Being anything but heterosexual was dangerous, often deadly. And when I entered high school, the AIDS epidemic hit. I think it’s funny they call it an epidemic because it really wasn’t anything short of a horror show. The beginnings of open non-hetero exploration and outwardly celebrating the queerness connecting us was shattered. Countless men were given a death sentence by hateful people who justified the mounting fatalities as what “they deserved” for being gay. We heard a lot of “God hates fags” and “this is the gays’ plague”.
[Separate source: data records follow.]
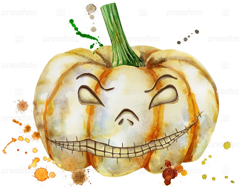 Тыква хеллоуина белая с вкраплениями. Акварельная живопись. Ручное искусство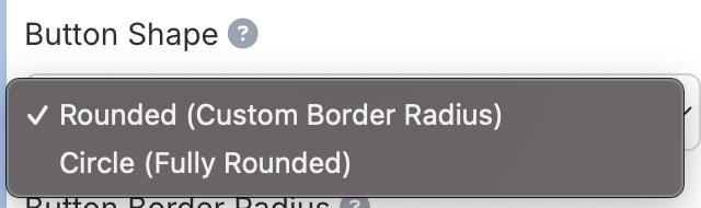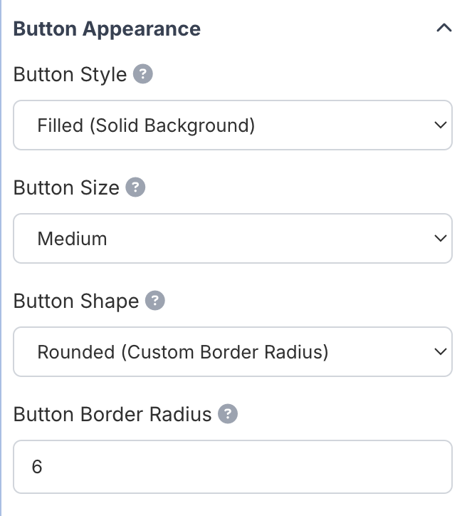 - Button Border Radius: Set the border radius for rounded corners (0-20px). Only applies when shape is “Rounded”
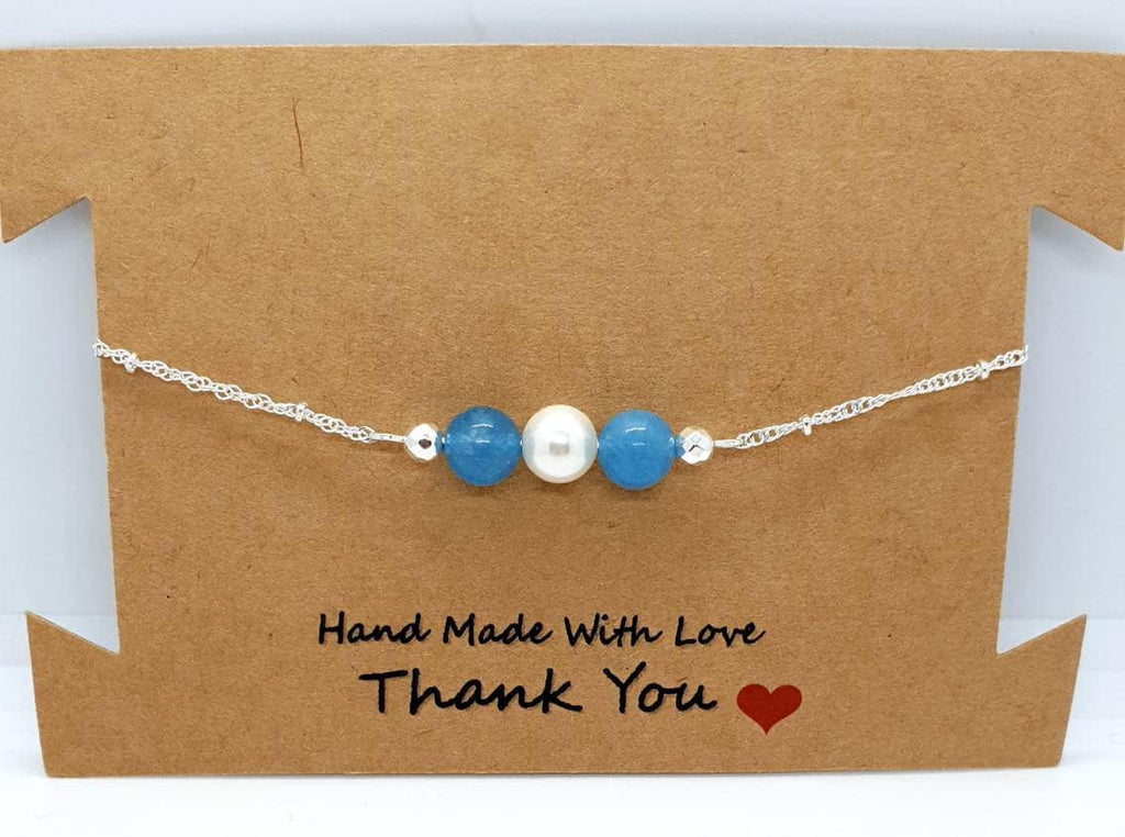 Blue Aquamarine Crystal And White Pearl Chain Bracelet

There were small pockets of community where we could gather and kind of party to forget what was outside of those walls. We all had our havens. Even in Hawai’i. Back then Hula’s was a makeshift bar/dance club next to Hamburger Mary’s. It really didn’t have walls but mostly was a chain-link fence with bamboo panels to keep out prying eyes and a canopy of trees strung with fairy lights. I remember going there periodically with a bunch of my underaged friends (well, so was I) because drinking age was 18 back then and let’s face it, nobody was checking IDs. It was where we could go and laugh and be open for a little while. But some of the faces grew gaunt and disappeared. I think in a lot of ways it was our Holocaust. Probably not too appropriate that word but I don’t know another phrase I could use. It was like losing people to a game of Russian roulette. I suppose actually maybe a better phrasing would be our Squid Game? I don’t know.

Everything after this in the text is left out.